Union of an ascending chain of proper ideals is a proper ideal.

Let $C$ be an ascending chain of ideals. Suppose for contrapositive that $\cup C$ is a unit ideal. $\cup C$ contains $1$. If $1$ is present in $\cup C$ then it must be present in some ideal in $C$, that ideal is a unit ideal, therefore $C$ is not an ascending chain of proper ideals, completing the contrapositive argument.

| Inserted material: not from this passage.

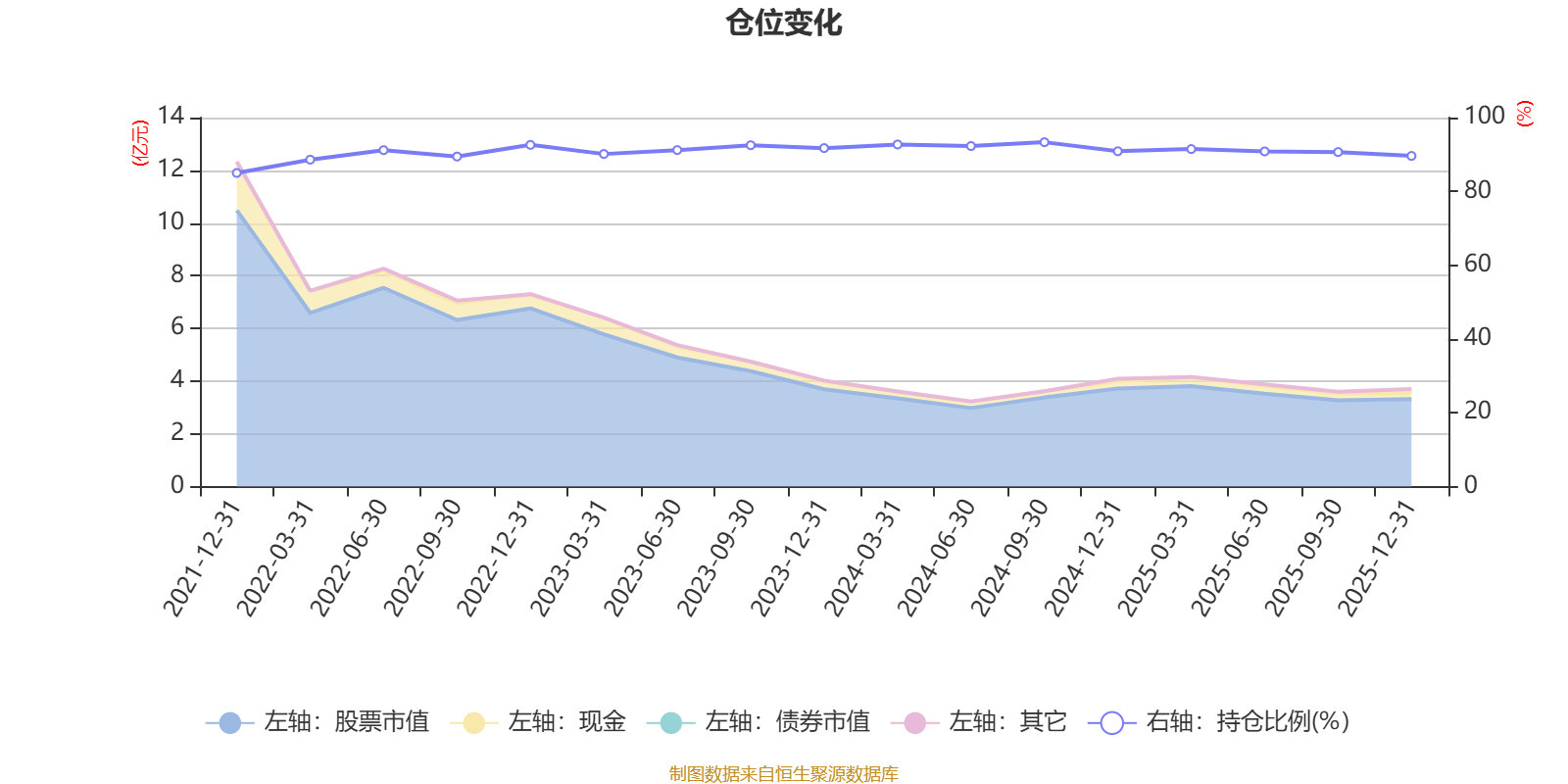 据定期报告数据统计,近三年平均股票仓位为91.45%,同类平均为85.83%。2024年三季度末基金达到93.33%的最高仓位,2021年末最低,为85%。

Every nonzero ring has a maximal ideal

Fix a ring $R$. Well-order its elements by $\kappa$ and denote the nth element by $r_\alpha$ for some ordinal $\alpha \in \kappa$. I will now define a function $f : \kappa^+ \to 2^R$, it sends ordinals less than or equal to $\kappa$ to subsets of $R$.

• Let $f(0)$ be $(r_0)$ if it isn't a unit ideal else $(0)$.
• Let $f(\alpha^+)$ be $(r_{\alpha^+}, f(\alpha))$ if it isn't a unit ideal else $f(\alpha)$.
• Let $f(\lambda)$ where $\lambda$ is a limit ordinal be $(r_\lambda, f(\alpha) : \alpha \in \lambda)$ if it isn't unit ideal else $(f(\alpha) : \alpha \in \lambda)$.

$(f(\alpha) : \alpha \in \lambda)$ is never a unit ideal by our ascending chain of proper ideals lemma above.